# WoW für Linux Petition



## Anime-Otaku (6. November 2006)

Dies soll nur ein Aufruf sein. Natürlich ist es sehr fraglich, ob es was bringt, aber nichts tun, bringt am wenigsten.

Man darf nicht vergessen, dass das Spiel auch für Mac verkauft wird. Nur gegen Linux sträubt sich Blizzard. id Software (u.a. quake, RCW) z.B. bietet Portierung nach Linux an.

http://www.blizzpub.net/petition/

Natürlicher gibt es Möglichkeiten es über wine oder cedega zum Laufen zu bringen, aber entweder ist das nicht gerade leicht oder kostenpflichtig und auf jeden Fall nicht schön oder schnell.

P.S.: Weitersagen


----------



## Radhad (6. November 2006)

Ich als leidenschaftlicher Guild Wars Spieler hab nicht viel für WoW übrig. Aber sollte man das spielen unter Windows belassen? Linux (GNU) erfreut sich zwar großer Beliebtheit aber Portierungen / Anpassungen sind für solche Unternehmen nicht unbedingt wirtschaftlich :/


----------



## Anime-Otaku (6. November 2006)

Darum geht es ja....man muss denen zeigen, dass es eine große Linux Gemeinde gibt,  also somit wirtschafltich ist.

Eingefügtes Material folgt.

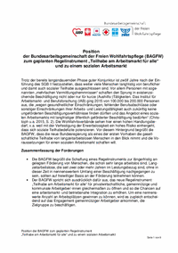 Position der Bundesarbeitsgemeinschaft der Freien Wohlfahrtspflege (BAGFW) zum geplanten Regelinstrument „Teilhabe am Arbeitsmarkt für alle“ und zu einem sozialen Arbeitsmarkt.
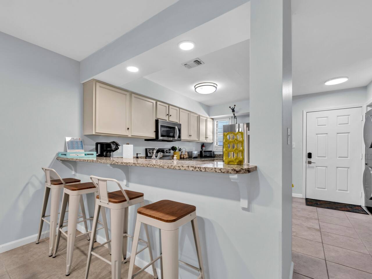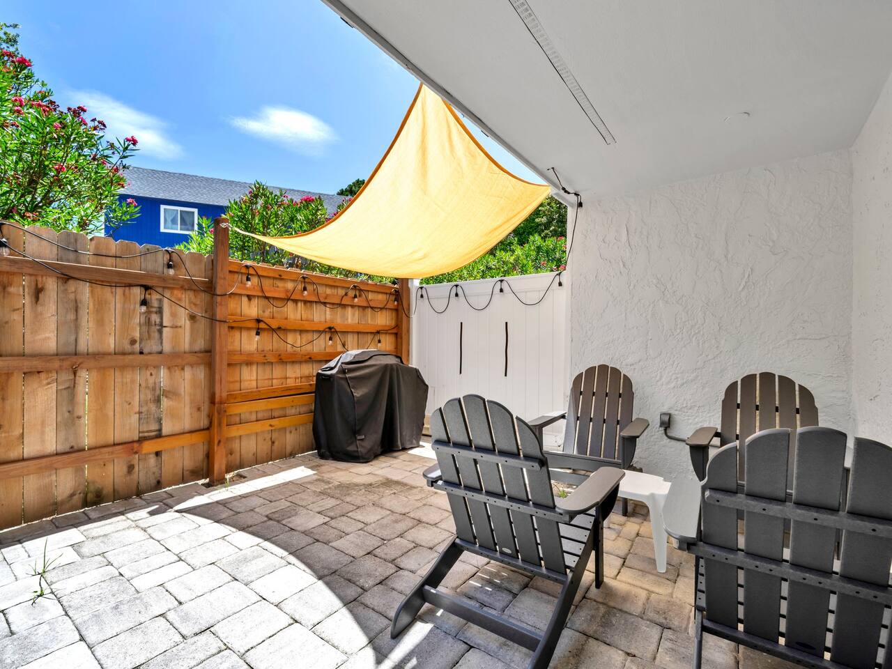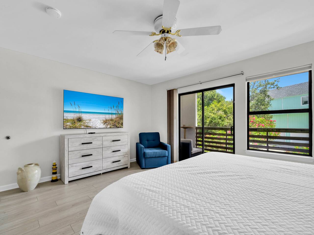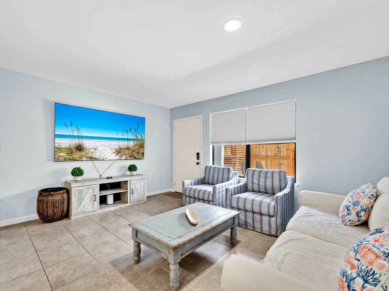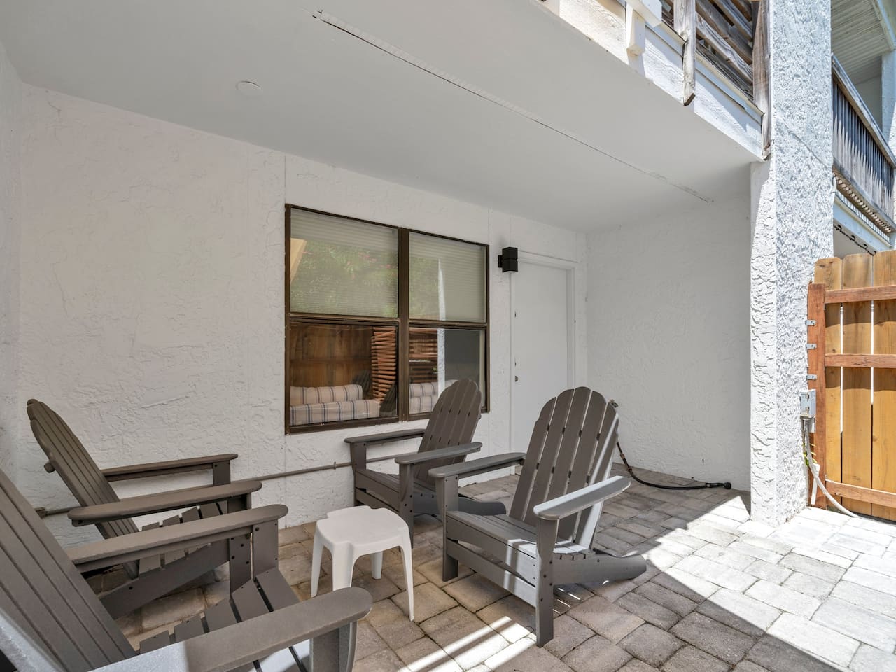 This spacious townhouse features two bedrooms and two and a half bathrooms, comfortably accommodating up to six guests. Upon entering, you’ll find an open-concept kitchen, dining, and living area with plenty of space for everyone to gather. Relax on the sofa and enjoy a movie on the flat-screen TV, or gather around the dining table for family meals or card games. The beautifully appointed kitchen is fully equipped for everything from quick snacks to hearty home-cooked meals. Just off the living room, a private fenced-in patio offers a perfect spot to enjoy the outdoors. Upstairs, both bedrooms include en suite bathrooms and flat-screen TVs for added comfort and privacy. A convenient stackable washer and dryer makes quick cleanups easy. Two parking spaces are located directly in front of the townhouse, allowing you to pull right up, unload your luggage, and stroll to the beach.
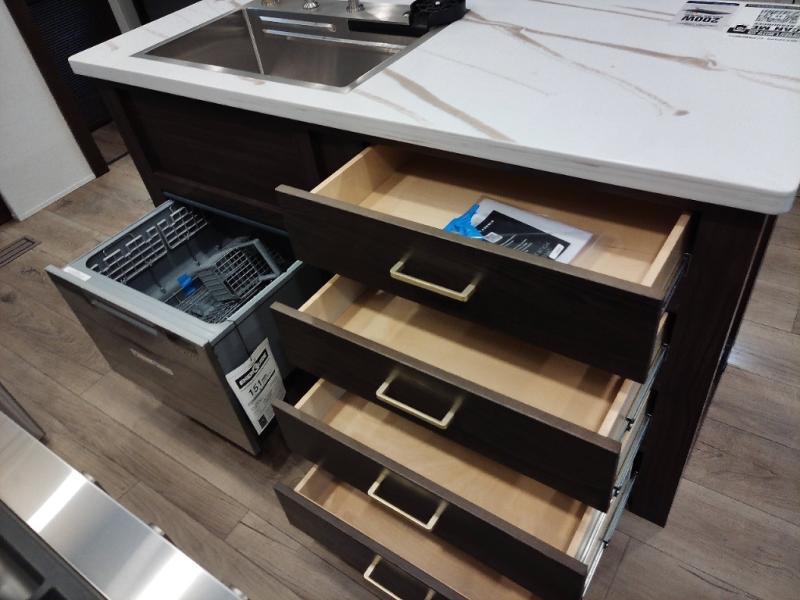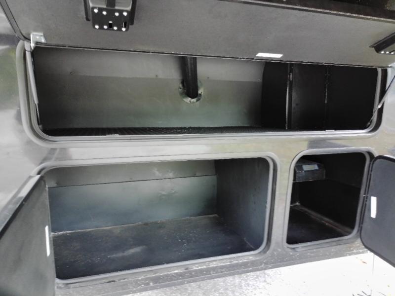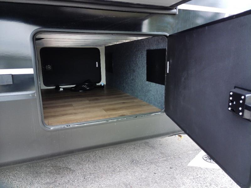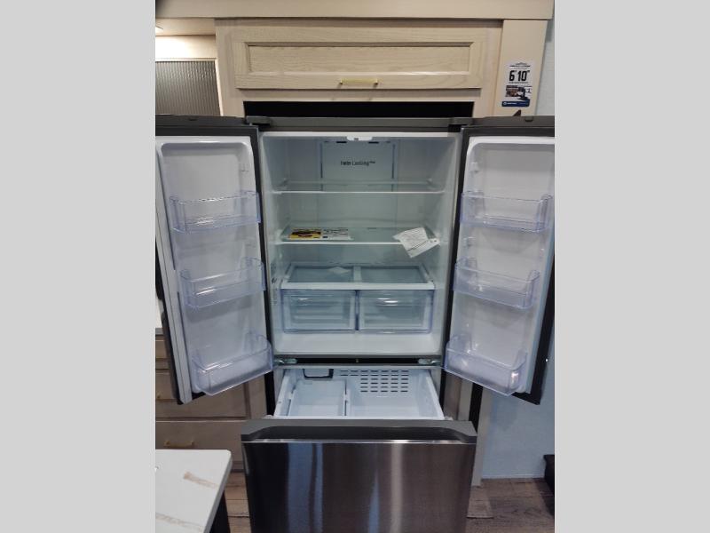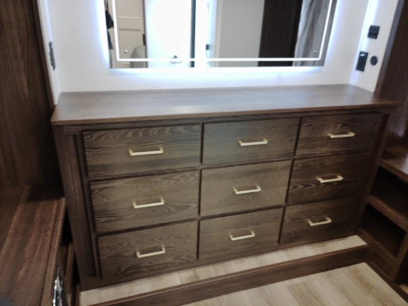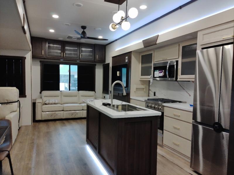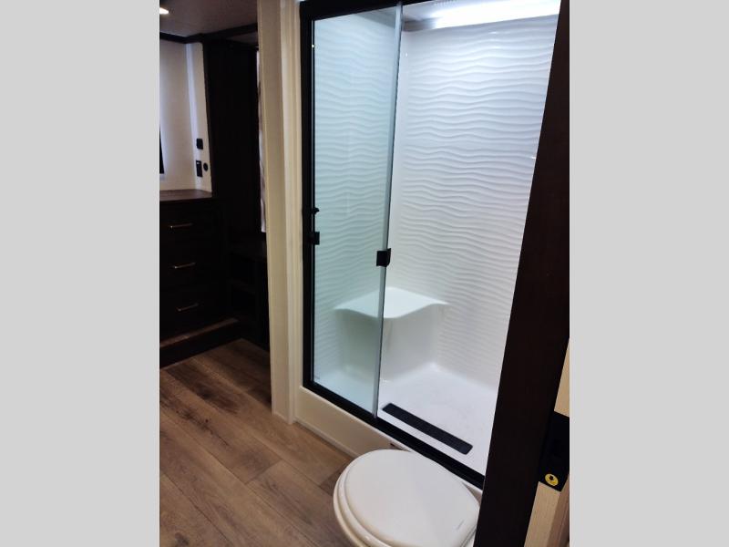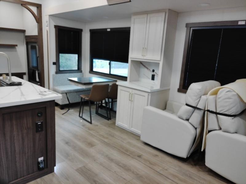 At the front of the 383FB fifth wheel, you’ll find a spacious front bathroom featuring a 48" x 30" shower with a built-in seat and upgraded shower head for a refreshing experience. The 18" high porcelain toilet includes a top circular flush system for added comfort, while LED motion night lighting beneath the vanity adds a convenient touch for nighttime use. This bathroom also provides a walk-in closet with a dresser and shelves equipped with hanging rods, perfect for keeping clothes and essentials neatly organized. Just next to the bathroom, the bedroom houses a king bed in a slide-out, offering plenty of room to stretch out and relax, with additional storage space located across from the bed. Moving toward the rear, the main living area and kitchen open up with dual opposing slides to maximize space and comfort. One slide features a Murphy pantry, a 3-burner gas oven, a 20-cu. ft. stainless steel refrigerator, and a 30" over-the-range microwave with an updated backsplash, while the central kitchen island provides a convenient workspace for the chef on board. Across the way, the opposite slide holds the recliner, table with chairs, and a bench, ideal for dining or lounging after a long day. At the very back, a hide-a-bed sofa offers additional seating and converts easily into extra sleeping space, making this fifth wheel as functional as it is comfortable.
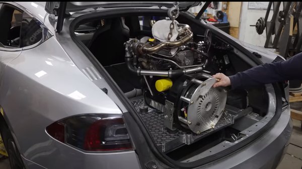 Adott volt tehát egy Tesla Model S P85D, aminek hátuljába egyszerűen egy generátorként működő turbódízel motort építettek. A beszámolók szerint a célt annak ellenére sikerült elérni, hogy a házilag turbósított és a csomagtartóba épített, körülbelül 25 lóerős motor az elégtelen hűtés miatt túlmelegedett, ezért teljesítményének csupán körülbelül 80 százalékát tudta leadni, ezáltal az eredetileg becsültnél csak lassabban tudta tölteni az autó akkumulátorát.
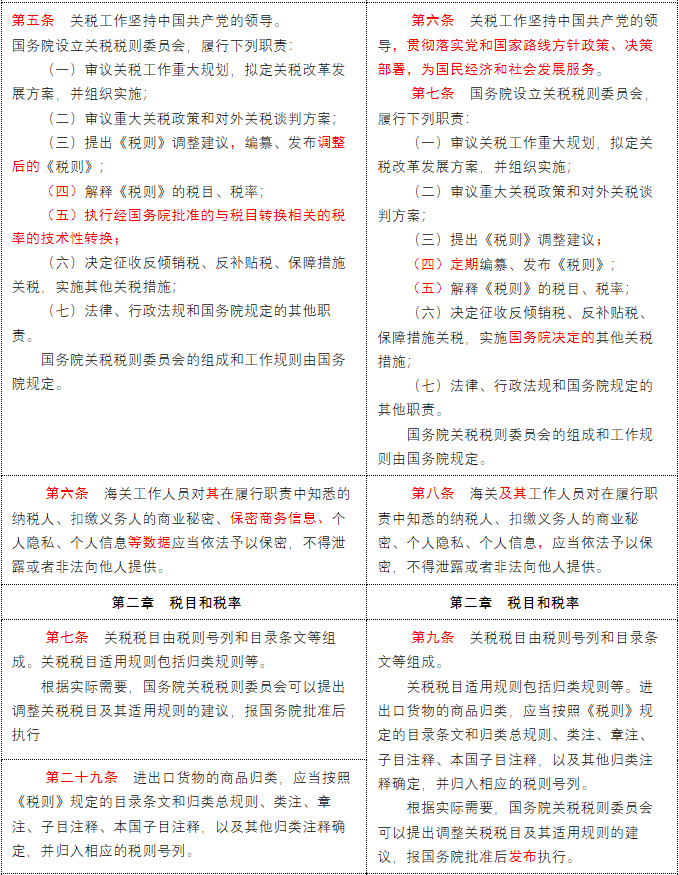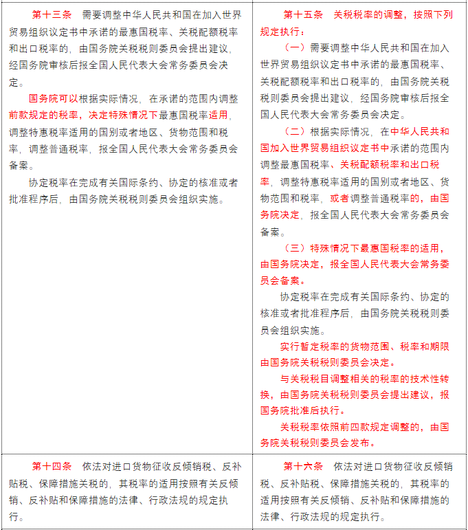 1、《关税法》规范了关税税目税率的设置、调整和实施,明确了作为附件的《税则》是《关税法》的组成部分。进出口货物的关税税目、税率以及税目、税率的适用规则等,依照本法所附《中华人民共和国进出口税则》执行(第四条);明确规定了各类关税税率的适用规则和调整机制;同时,授权国务院关税税则委员会可以提出调整关税税目及其适用规则的建议,报国务院批准后发布执行。(第九条)
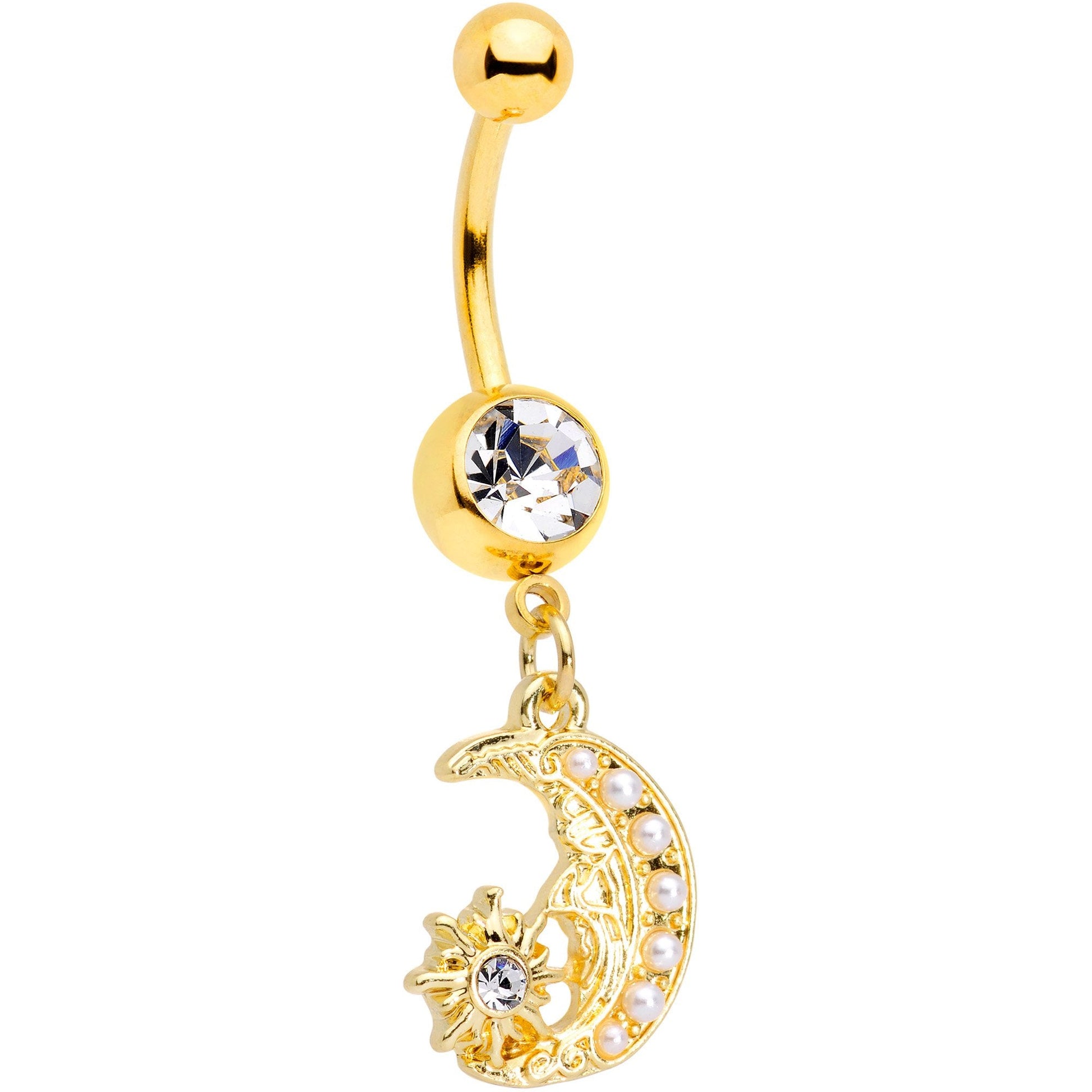 Clear Gem Gold Tone Peaceful Night Star Moon Dangle Belly Ring
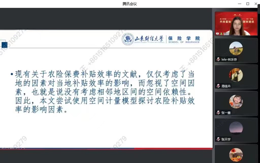 本届论坛主题为“共同富裕与现代化国家建设”,10月28日下午为六场学术分论坛报告,10月29日上午为大会演讲。小黄书 于文广教授主持“保险与经济社会”学术分论坛,于新亮教授与范红丽副教授分别对参会论文做出点评。另外,付红副教授指导的硕士生陈睿在“保险业务经营”分论坛报告了论文《农业现代化对农险保费补贴效率的影响及其空间溢出效应》。
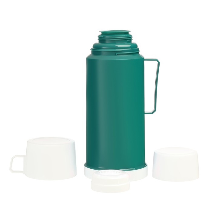 Термос со стеклянной колбой "Классик" с 1 кружкой и 1 чашкой, 1 л, 13 х 29 см, зелёный
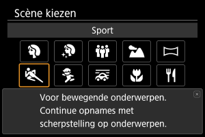 ] (Hoge snelheid). Druk op het juiste moment de ontspanknop volledig in om de opname te maken. Om het onderwerp te volgen en de verschillende bewegingen van het onderwerp vast te leggen blijft u de ontspanknop ingedrukt houden om continue opnamen te maken.
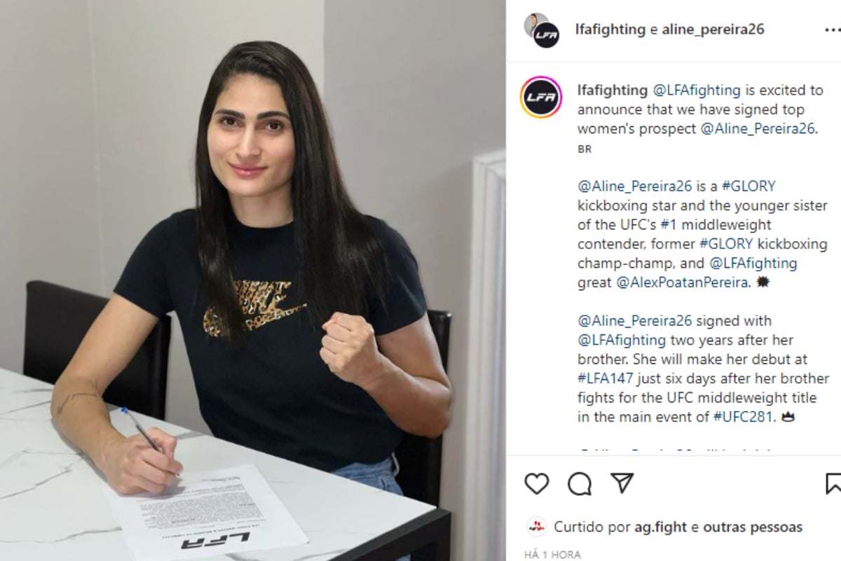 Siguiendo los pasos de su hermano mayor, quien migró definitivamente a las MMA tras convertirse en bicampeona de ‘Glory’, Aline Pereira fichó por el evento estadounidense ‘LFA’ y afrontará su primer reto en artes marciales mixtas el próximo 18 de noviembre para la cartelera de la edición 147, que se realizará en el estado norteamericano de Iowa (EE.UU.). En su debut, la brasileña enfrentará a la dominicana Helen Peralta, en duelo válido para el peso mosca (125 lb).

Wenn Blizzard diesen Schritt machen würde, könnten vielleicht andere Firmen folgen.

Die Unwissenheit der Firmen ist auch sehr groß. Ich errinere mich nur an ein Zitat von jemanden, der auf ner Messe war und fragte warum die Programme nicht auch für Linux verfügbar sind. Meistens kamm die Antwort, dass sie dann den Quelltext offen legen müssten, was ja überhaupt nicht stimmt.


----------



## Radhad (6. November 2006)

Da hast du Recht, niemand zwingt seinen Quelltext offen zu legen für eigene Software, außer ich verändere Teile einer Software, die unter der GNU GPL läuft.

Man müsste dann mal hochrechnen, was die Portierung kostet, wie viele User sich das dann kaufen würden (das ist nur ein Teil der Leute, die die Petition unterzeichnen) und davon wird es sicherlich ein paar geben, die das vielleicht nur 6 oder 12 Monate kosten (wodurch die Einnahmen / Monat) geringer sein dürften. Außerdem weiß ich nicht, ob WoW bereits OpenGL unterstützt, denn falls nicht, müsste die Grafikengine ja auch noch überarbeitet werden...


----------



## Anime-Otaku (6. November 2006)

WoW unterstützt OpenGL und DirectX, sonst könnte es ja schließlich nicht unter Mac laufen. 
Ich denke der Portierungsaufwand wäre auch gering und wie auf der Seite zu lesen ist, haben se sogar schon einen Experten, welcher bei der alten Firma Linux/Windows Software entwickelte.

Ich habe halt keine Lust extra für WoW mein Windows zu starten...zu dem könnte ich nebenher auf nem 2.ten X aufm Fernseher noch ein Film anschauen. Was man unter Windows vergessen kann.


----------



## Radhad (6. November 2006)

Mac OS X basiert doch auch auf Unix? Dann wäre der Aufwand ja "überschaubar" und viel von dem Code "Wiederverwertbar" - aber ich bezweifle trotzdem, dass Blizzard da was in der Richtung machen wird, da müssten eher kleinere Unternehmen was tuen, bevor die großen damit beginnen.


----------